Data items

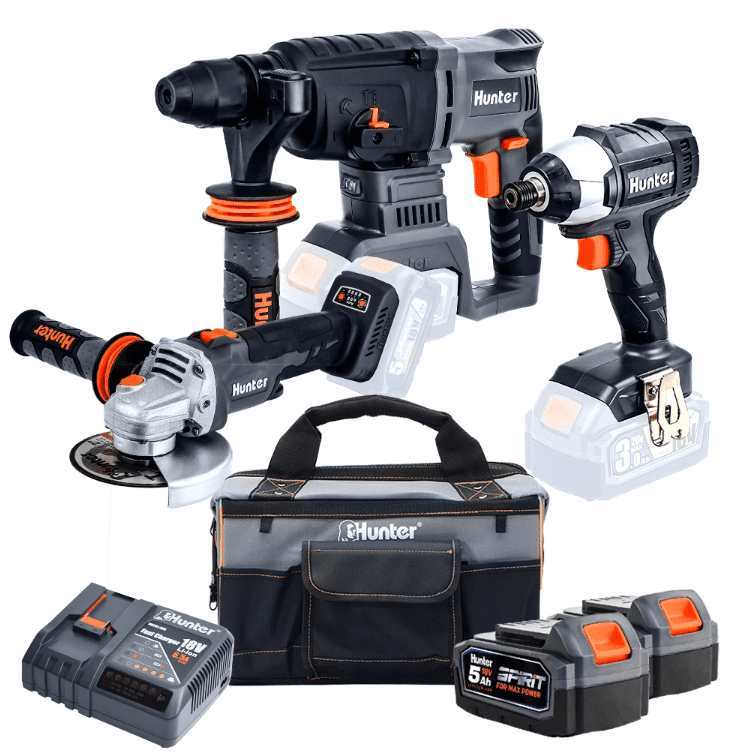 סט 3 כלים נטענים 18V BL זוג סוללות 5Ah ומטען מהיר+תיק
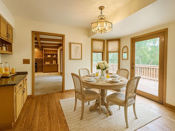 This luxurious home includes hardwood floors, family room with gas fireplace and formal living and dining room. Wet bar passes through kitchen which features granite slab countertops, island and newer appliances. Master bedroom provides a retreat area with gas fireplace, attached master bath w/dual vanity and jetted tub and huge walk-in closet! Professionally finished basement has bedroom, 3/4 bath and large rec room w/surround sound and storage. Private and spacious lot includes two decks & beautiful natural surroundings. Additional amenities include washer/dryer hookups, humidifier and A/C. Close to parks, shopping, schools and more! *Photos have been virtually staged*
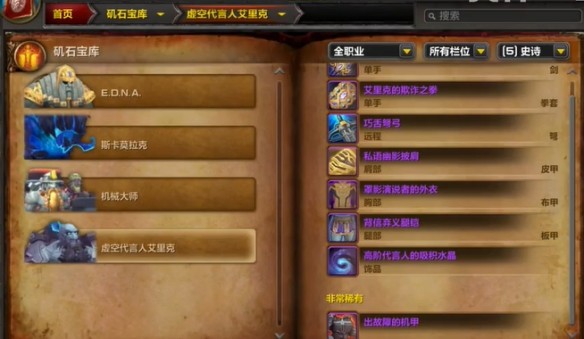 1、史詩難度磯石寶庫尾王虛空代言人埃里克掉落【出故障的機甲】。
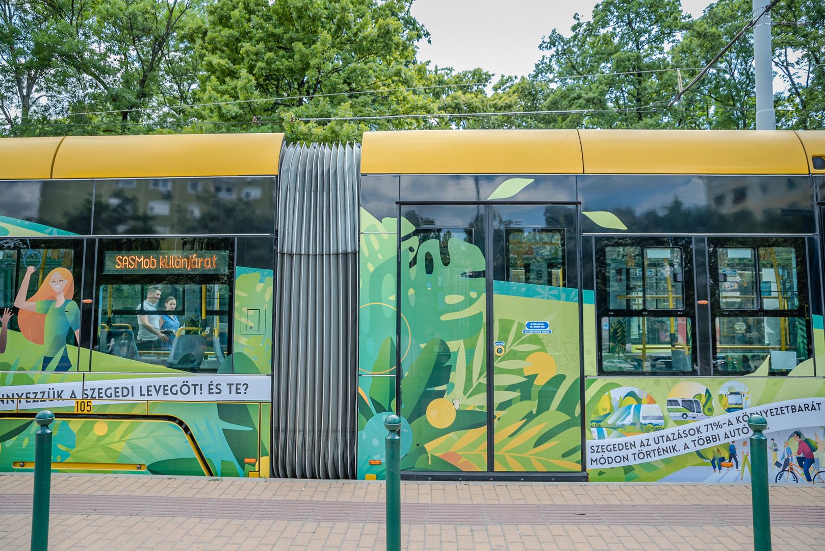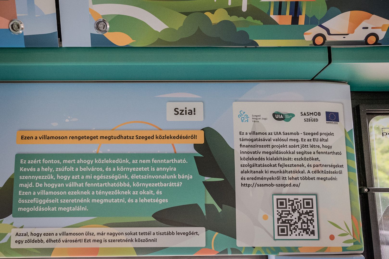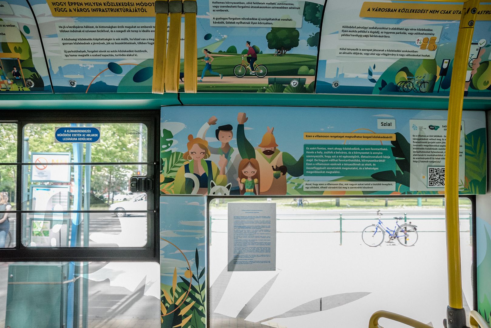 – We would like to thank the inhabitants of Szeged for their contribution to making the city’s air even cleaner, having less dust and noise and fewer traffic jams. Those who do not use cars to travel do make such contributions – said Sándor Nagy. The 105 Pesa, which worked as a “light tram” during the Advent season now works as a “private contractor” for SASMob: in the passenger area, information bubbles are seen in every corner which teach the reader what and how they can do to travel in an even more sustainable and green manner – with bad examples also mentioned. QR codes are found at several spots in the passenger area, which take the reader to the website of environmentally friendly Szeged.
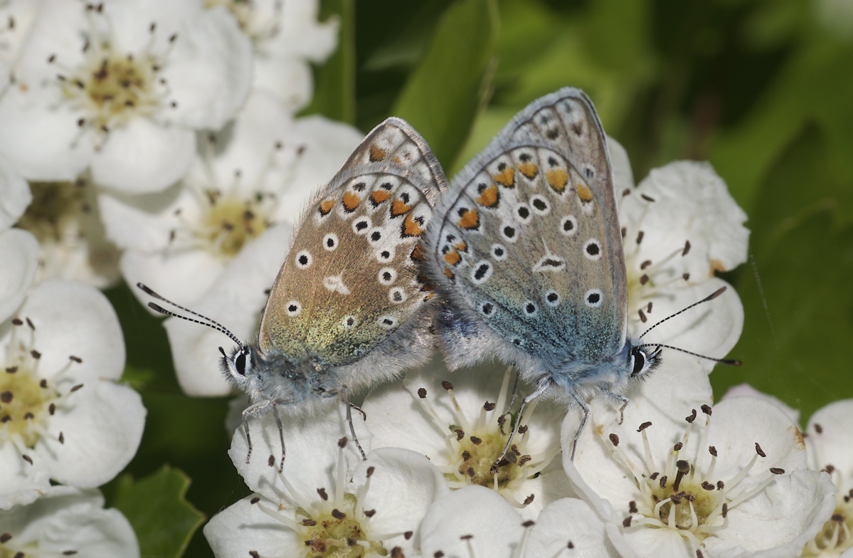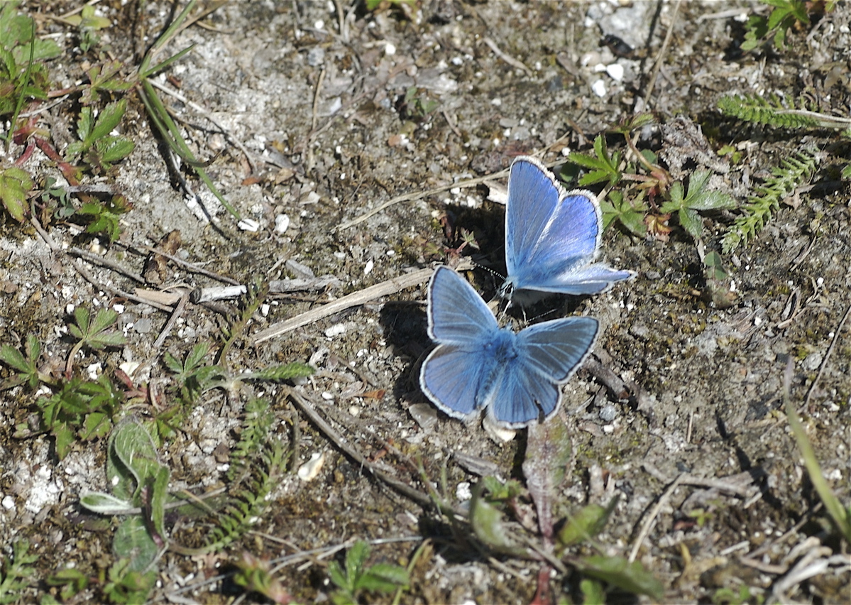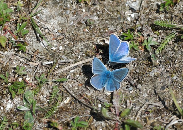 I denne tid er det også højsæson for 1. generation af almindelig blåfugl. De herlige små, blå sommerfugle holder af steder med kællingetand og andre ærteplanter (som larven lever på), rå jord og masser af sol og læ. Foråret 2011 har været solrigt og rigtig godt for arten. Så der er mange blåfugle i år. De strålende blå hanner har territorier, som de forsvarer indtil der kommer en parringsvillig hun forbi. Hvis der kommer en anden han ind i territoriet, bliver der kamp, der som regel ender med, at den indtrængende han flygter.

== What needs to be done ==
Reproduce each record above by retyping it exactly; omit all images.

== Exercise result ==
 סט 3 כלים נטענים 18V BL זוג סוללות 5Ah ומטען מהיר+תיק
 This luxurious home includes hardwood floors, family room with gas fireplace and formal living and dining room. Wet bar passes through kitchen which features granite slab countertops, island and newer appliances. Master bedroom provides a retreat area with gas fireplace, attached master bath w/dual vanity and jetted tub and huge walk-in closet! Professionally finished basement has bedroom, 3/4 bath and large rec room w/surround sound and storage. Private and spacious lot includes two decks & beautiful natural surroundings. Additional amenities include washer/dryer hookups, humidifier and A/C. Close to parks, shopping, schools and more! *Photos have been virtually staged*
 1、史詩難度磯石寶庫尾王虛空代言人埃里克掉落【出故障的機甲】。
 – We would like to thank the inhabitants of Szeged for their contribution to making the city’s air even cleaner, having less dust and noise and fewer traffic jams. Those who do not use cars to travel do make such contributions – said Sándor Nagy. The 105 Pesa, which worked as a “light tram” during the Advent season now works as a “private contractor” for SASMob: in the passenger area, information bubbles are seen in every corner which teach the reader what and how they can do to travel in an even more sustainable and green manner – with bad examples also mentioned. QR codes are found at several spots in the passenger area, which take the reader to the website of environmentally friendly Szeged.
 I denne tid er det også højsæson for 1. generation af almindelig blåfugl. De herlige små, blå sommerfugle holder af steder med kællingetand og andre ærteplanter (som larven lever på), rå jord og masser af sol og læ. Foråret 2011 har været solrigt og rigtig godt for arten. Så der er mange blåfugle i år. De strålende blå hanner har territorier, som de forsvarer indtil der kommer en parringsvillig hun forbi. Hvis der kommer en anden han ind i territoriet, bliver der kamp, der som regel ender med, at den indtrængende han flygter.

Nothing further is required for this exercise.